И вот все-таки, как актер, в сотый раз выступающий в одной и той же роли, по-прежнему трепещет и замирает, так и я ломаю себе голову над вопросом, что же такое могло Алпатова перебросить из болот Московского Полесья в салоны петербургского литературно-художественного творчества и чем же именно мог там обратить на себя внимание торфмейстер. Мне приходит в голову, что Золотая луговина, которую хочет Алпатов дать населению, утопающему в дубенских болотах, очень легко соединяется с мифом о золотом веке и так Алпатова через этот миф можно привлечь в мифотворческий кружок Вячеслава Иванова, а потом торфмейстер сделается символическим героем, вроде как строитель Сольнес у Ибсена или Генрих в «Потонувшем колоколе».

Но для такой постройки мне как-то мешает знание болот, отчего символическое творчество кажется условным, ненастоящим.

Обращаюсь к личной своей жизни: ведь я тоже агроном и с торфом очень много возился и прямо от торфа попал в салоны творчества. Я сделался литератором, потому что к этому делу у меня вдруг прорвались дремавшие способности. Но как мне кажется, радость моя в литературном деле происходит главным образом оттого, что посредством него я примыкаю к общему творчеству. Так случилось биографически, но Алпатова нельзя сделать литератором, потому что органический творческий процесс в словесном искусстве так замаскирован беллетристикой, что, если сказать «писатель», нужно много всего выяснять… Нет, по-видимому, мне надо в агрономии Алпатова найти такой творческий фокус, через который должны проходить лучи всякого творчества.

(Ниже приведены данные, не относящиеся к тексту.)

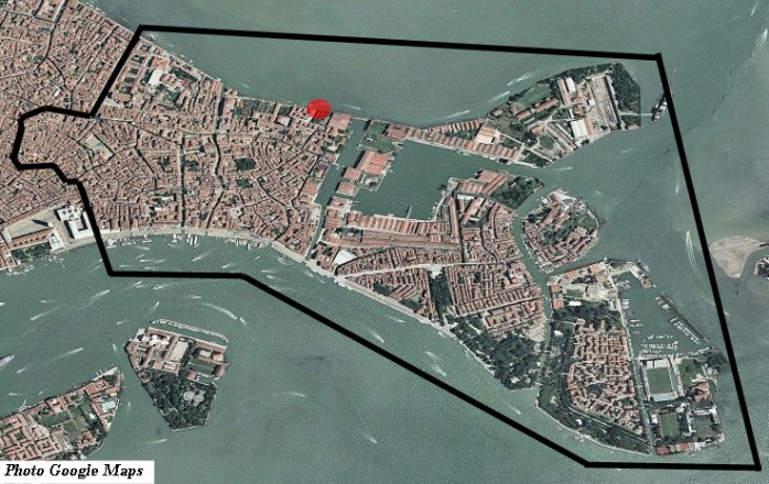 Sur le Rielo de l'Arsenal, relie le Fondamenta de la Case Nove à l'Ouest à la passerelle courant sur le mur Nord de l'Arsenal à l'Est

Может быть, я по ночам или во время своих охот бессознательно уже не один раз приходил к этому вопросу. Кто знает? Может быть, однажды я выпросил себе и командировку от «Рабочей газеты» для описания торфяного производства, повинуясь бессознательному влечению отыскать миф самых вещей, созданных в недрах природы, и что я несколько лет все блуждаю около дубенских болот, и что устроился прочно жить около них в Сергиеве. Я немного боюсь думать об этом, потому что это правда: жутко вскрывать колеблющиеся силы, управляющие повседневным разумом.

Как бы там ни было, но и в этот раз случилось то самое, что бывало уже множество раз с тех нор, как я попал на своего конька и получил способность отдаваться делу целиком и им поглощаться. Все равно, как и в первый раз, мне кажется таинственной эта сила, приводящая на службу мне случай, она непонятна мне, хотя я хозяйствую с ней так же разумно, как инженер с электричеством. Случилось, в тот самый час, когда я в центре белого листа начертил кружок, в который должен был вписать название фокуса моей вещи, и стал возле этого пустого кружка распределять материалы из жизни Алпатова, в кухне у меня за стеной залаяла собака, стерегущая электрический звонок. Так сложилось как-то само собой, что от старого звонка на дворе осталась теперь только проволока. Крестьяне, приходящие ко мне с предложением дров, молока и всего такого, никогда не смеют нажимать пуговицу электрического звонка, вероятно ей не очень доверяя, а гремят проволокой, и собаки на дворе отвечают дружным лаем. Интеллигентный человек всегда нажимает пуговку, но прислуга не всегда бывает в кухне, мне звонка этого в доме не слышно. Вот почему я в кухне устроил самую умную собаку, которая вызывает меня лаем, если в кухне нет никого, а звонок затрещал. Тогда я знаю, что за калиткой на улице стоит человек интеллигентный.